Legislative pay rules need to change
Earlier this week, we learned that Pennsylvania’s lawmakers are going to be getting another raise, making them the third-highest paid state legislators in the country.
No one voted on the raise — it comes automatically as part of a 1995 law that ties salaries to the U.S. Consumer Price Index. This year, the raise is 3.5%, going from $102,844 to $106,422.
That comes after a 7.8% bump last year.
The base salary for lawmakers is more than twice the average salary in the state, according to data from the Pennsylvania Center for Workforce Information and Analysis. And the latest raise comes as the state Senate prepares to take up the question of whether to give the first cost of living increase in more than 20 years to former state employees who retired before 2001.

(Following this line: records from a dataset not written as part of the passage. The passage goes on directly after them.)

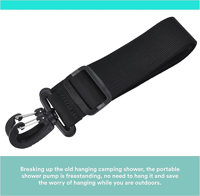 - Extra-long Hose And Foot Pump For High Pressure Showering: The portable shower camp hose is extra-long, allowing for pumping while the shower bag is hung from a height or sits on a table. This provides higher pressure for showers, making it ideal for beach showers or dog showers at any time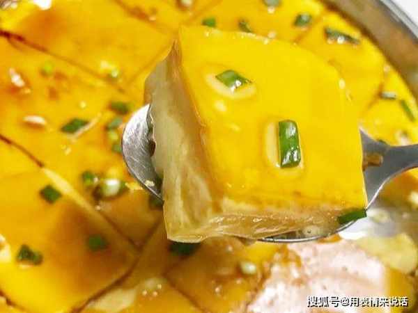 5、等时间到了,打开看一看,妥妥的镜面鸡蛋羹,生抽、醋、芝麻香油、葱花,鸡蛋羹内部没有气孔,表面非常的平滑。
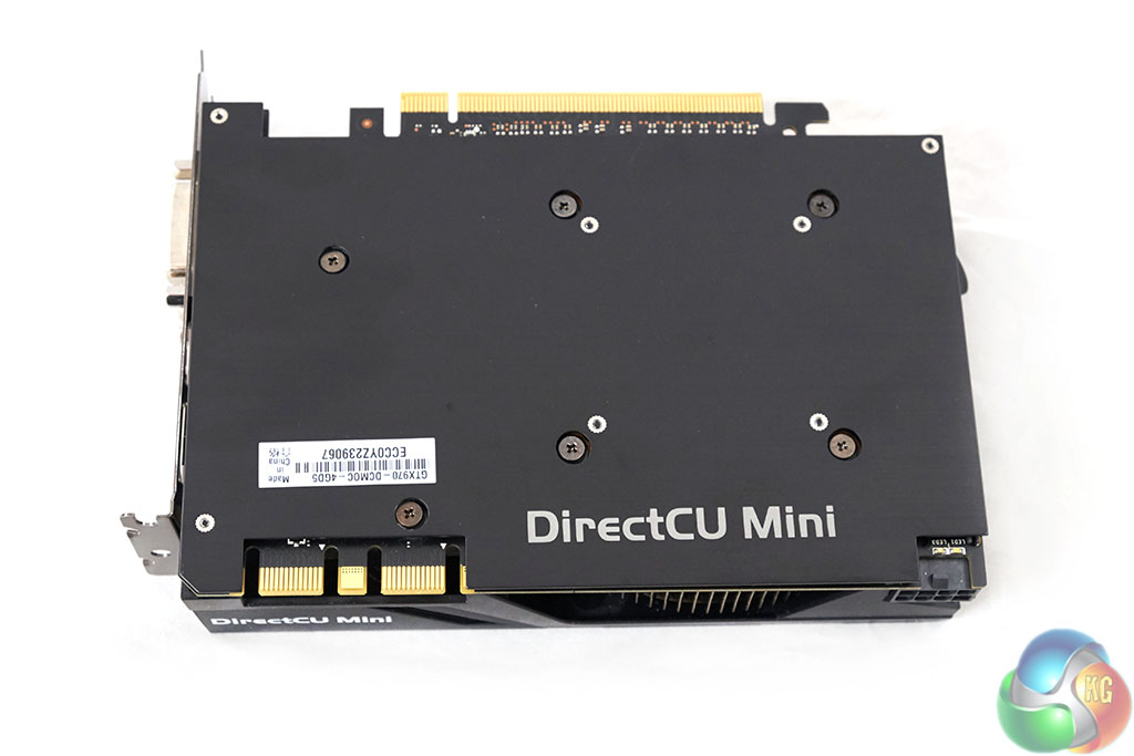 The GTX 970 DirectCU Mini is only 17cm long, 12.19cm high and 4.07cm thick. Asus have included a backplate on the card to help improve appearance and cooling efficiency. It is quite heavy and we like the design, which is effective.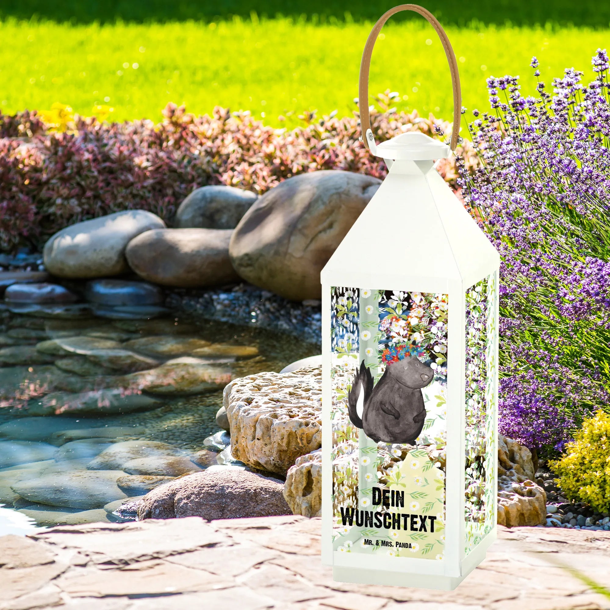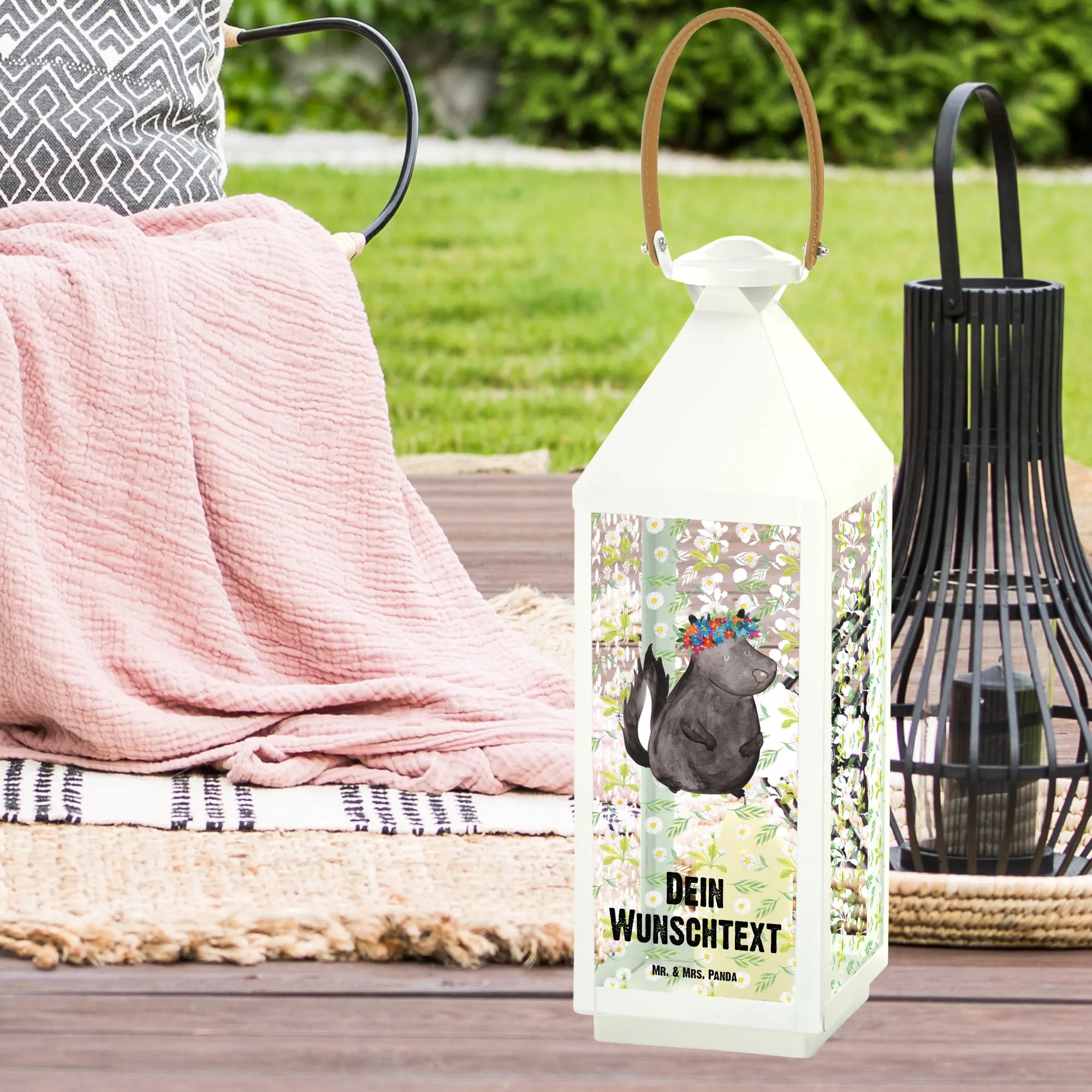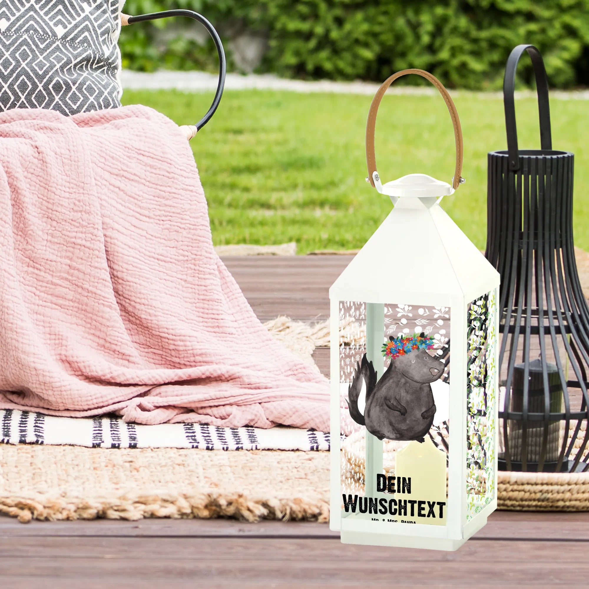 Personalisierte Deko Laterne Stinktier Blumenmaedchen - XL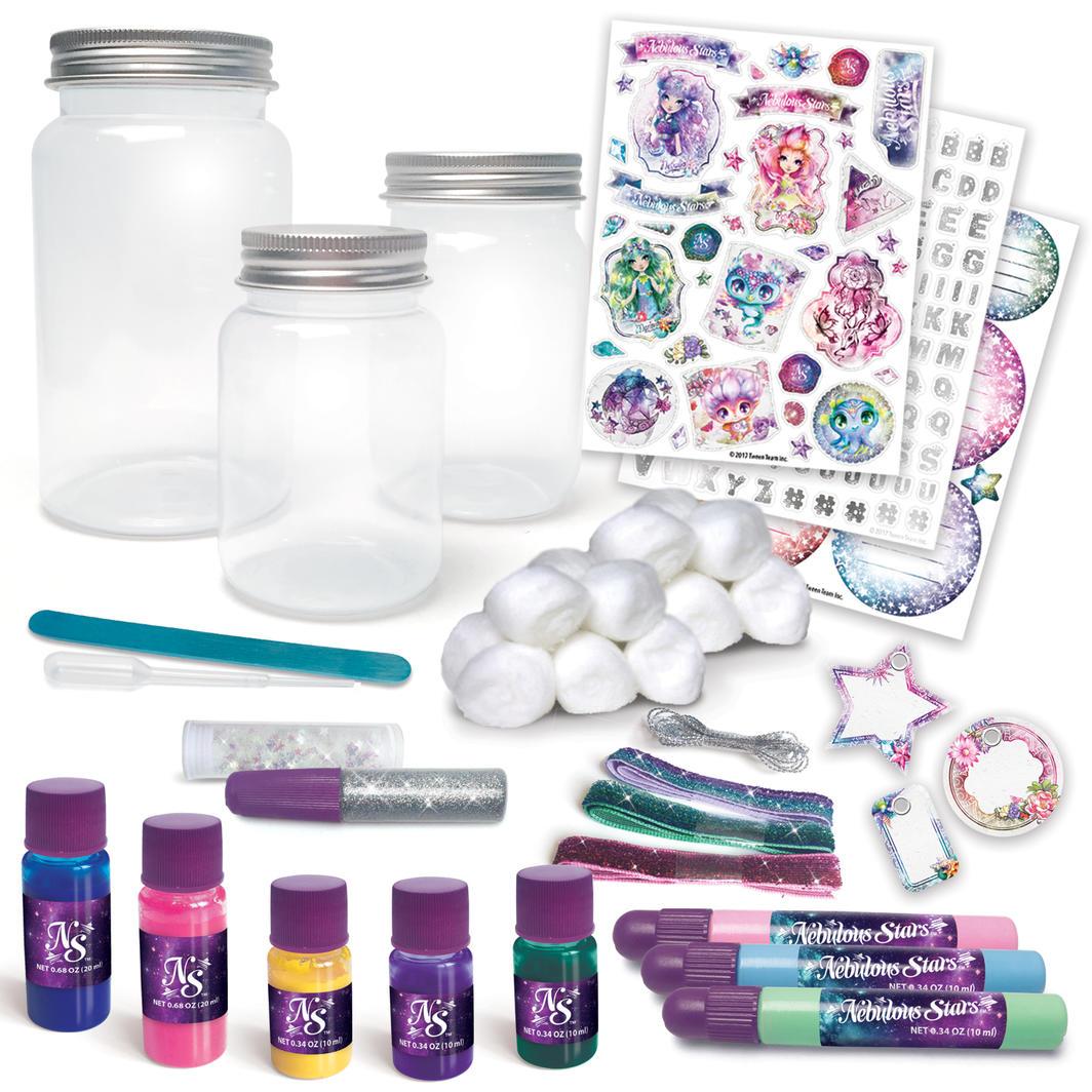 Large plastic jar with metal cap (450 ml),Medium plastic jar with metal cap (250 ml), Small plastic jar with metal cap (150 ml), 6 ink colors in drop bottles, Glow in the dark paint tube, Glitter powder tube,Star shaped sequin tube, 41 color stickers,133 metallic alphabet stickers,6 wish cap stickers, 3 cardboard decorative tags, 3 glitter ribbons,Cotton balls (170 g),Color instructions,Nebulias story pamphlet.

Sen. Joe Pittman, R-Indiana County, the senate majority leader, said he is sympathetic to the plight of those who retired and he should be. Those retirees have watched the purchasing power of their pensions decrease thanks to the same inflation that has given lawmakers like Pittman big raises two years in a row.
The idea behind tying salary increases for elected officials to outside changes makes a lot of sense. It keeps lawmakers from being able to vote to pad their own wallets at the expense of the public at large.
But this latest raise comes as many Americans have seen far smaller pay increases — if they’ve gotten any at all. The Associated Press reported that the average Pennsylvania worker saw a 2% raise this year.
And the raise comes in a year where the House and Senate failed to agree on a budget until months after the statutory deadline and, after that, failed repeatedly to act on a common sense proposal to move up the 2024 Primary Election so it wouldn’t interfere with Passover.
Perhaps, in addition to the law that automatically increases salaries, it’s time to consider a version of the 27th amendment to the U.S. Constitution, which prevents lawmaker salaries from increasing until after an election.
No matter what, one thing is clear: Continuing a system that gives lawmakers raises regardless of performance or the state’s financial position is a bad idea.